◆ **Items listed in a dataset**
_ _ _

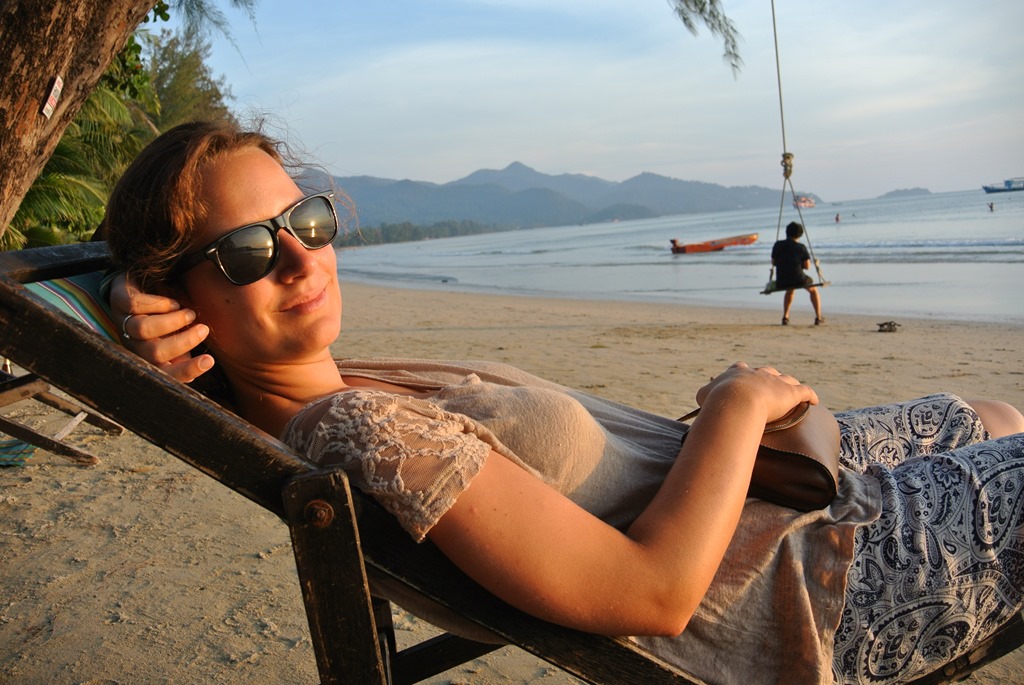 Also erstmal in einen Liegestuhl geschmissen und den Sonnenuntergang genossen…der mal wieder traumhaft war. Hoffentlich stumpfen wir nicht ab und finden nachher jeden Sonnenuntergang nur noch durchschnittlich. Strandschaukeln gab es dort auch, also durfte Conny ein bisschen Schaukeln und sich, fast so grazil wie die Raffaelofrau, als Motiv anbieten.
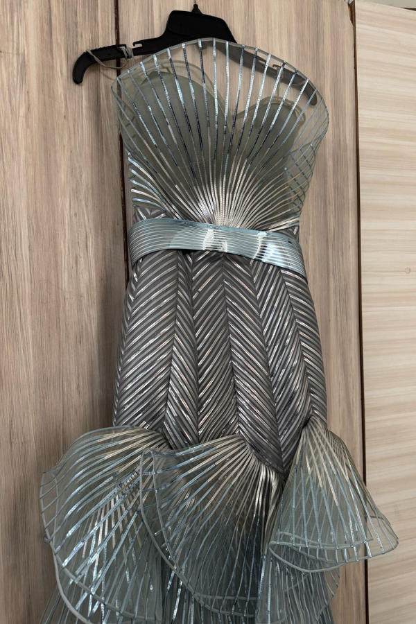 Description: A stunning Amit Aggarwal metallic sculpted gown featuring a structured strapless bodice, signature polymer detailing, and a dramatic tiered silhouette in shimmering icy blue.
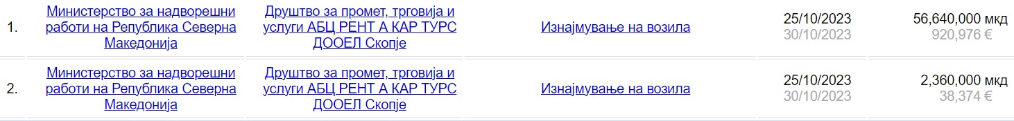 Првиот договро е потпишан на 56.640.000 денари или околу 920 илјади евра за четири месеци. Вториот договор е на сума од 2.360.000 денари или околу 38 илјади евра за период од една година за редовни потреби на МНР.
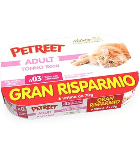 Petreet Tonno Rosa Con Gamberetti Cibo Umido Gatto Adulto 6x70g
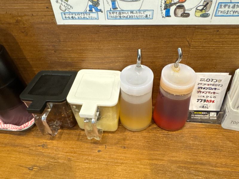 そのままだと辛さも控えめなので、卓上には好みに味変可能な辛味噌やニンニク、追いタレなども用意されています。
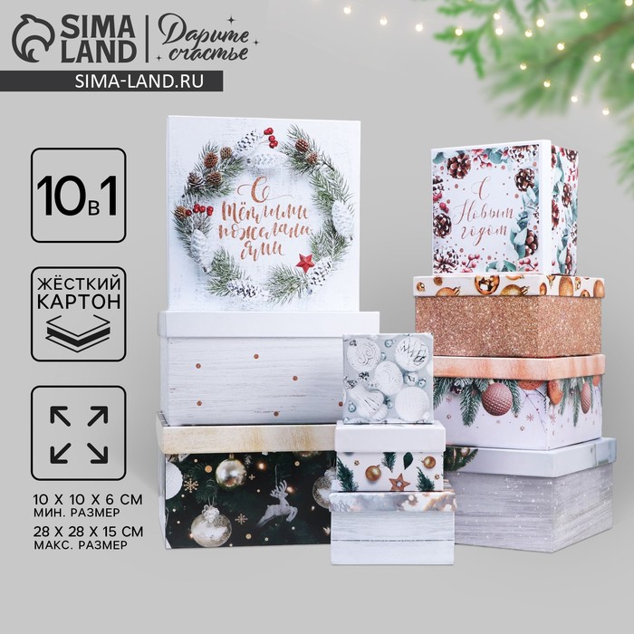 Габариты: 15,5 x 28,5 x 28,5 Доставка: Платная Страна: Россия В боксе: 9 набор Состав: Картон Материалы: картон Фасовка: по 1 набор Индивидуальная упаковка: Стрейч-пленка Сертификат: ЕАС Цвет: Бежевый, Чёрный, Серый Форма: Квадратная Плотность, г/м²: 1000 Количество вложений в наборе: 10 в 1 Высота большей коробки, см: 15 Длина большей коробки, см: 28 Ширина большей коробки, см: 28 Тематика: Шары, Растительный орнамент Символ года: Нет Тематика праздника: Новый год Материал: Картон Вид: Наборы коробок Размер: Большой (25-45 см) Дизайн: С рисунком, надписью Размеры коробок: 10 х 10 х 6 см 12 х 12 х 7 см 14 х 14 х 8 см 16 х 16 х 9 см 18 х 18 х 10 см 20 х 20 х 11 см 22 х 22 х 12 см 24 х 24 х 13 см 26 х 26 х 14 см 28 х 28 х 15 см Комментарии к товару
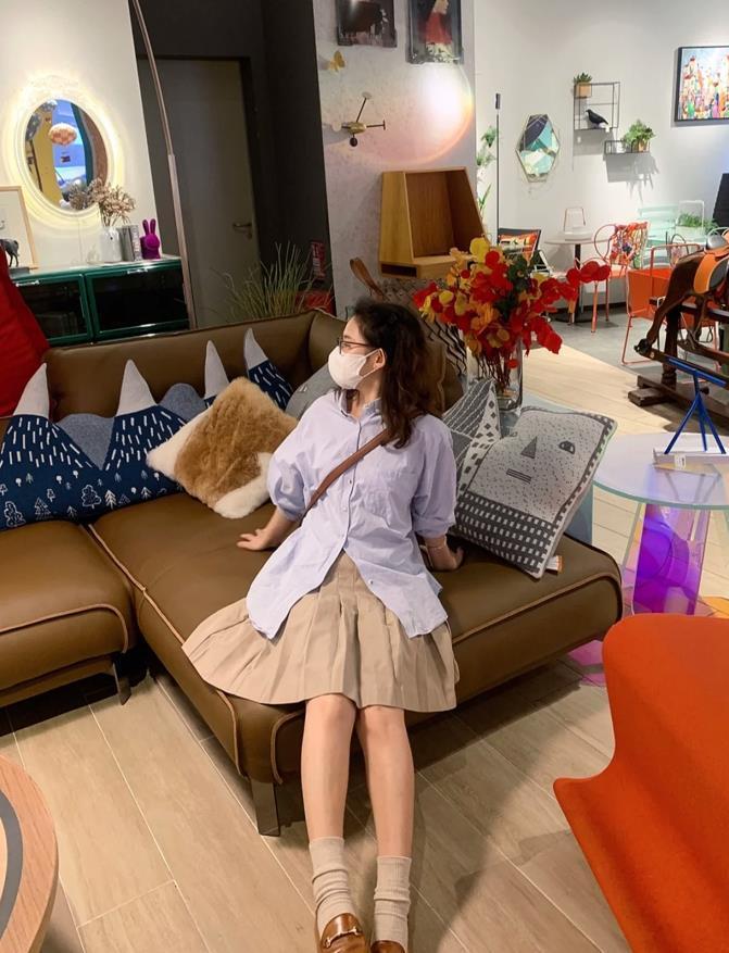 很適合小個子女生的一套穿搭,這麼穿舒服又不失少女範,逛街約會毫無壓力,淡藍色的襯衫+奶茶色百褶半裙,利用米色襪子外露,製造出層次感。加上一雙棕色樂福鞋來配,又多了幾分復古的氣息。

_ _ _

◆ **Task statement**
Would you copy out, exactly and with no pictures, only the lines above from the one that contains "Првиот договро е" through the one that contains "Petreet Tonno Rosa"?

◆ **Final answer**
 Првиот договро е потпишан на 56.640.000 денари или околу 920 илјади евра за четири месеци. Вториот договор е на сума од 2.360.000 денари или околу 38 илјади евра за период од една година за редовни потреби на МНР.
 Petreet Tonno Rosa Con Gamberetti Cibo Umido Gatto Adulto 6x70g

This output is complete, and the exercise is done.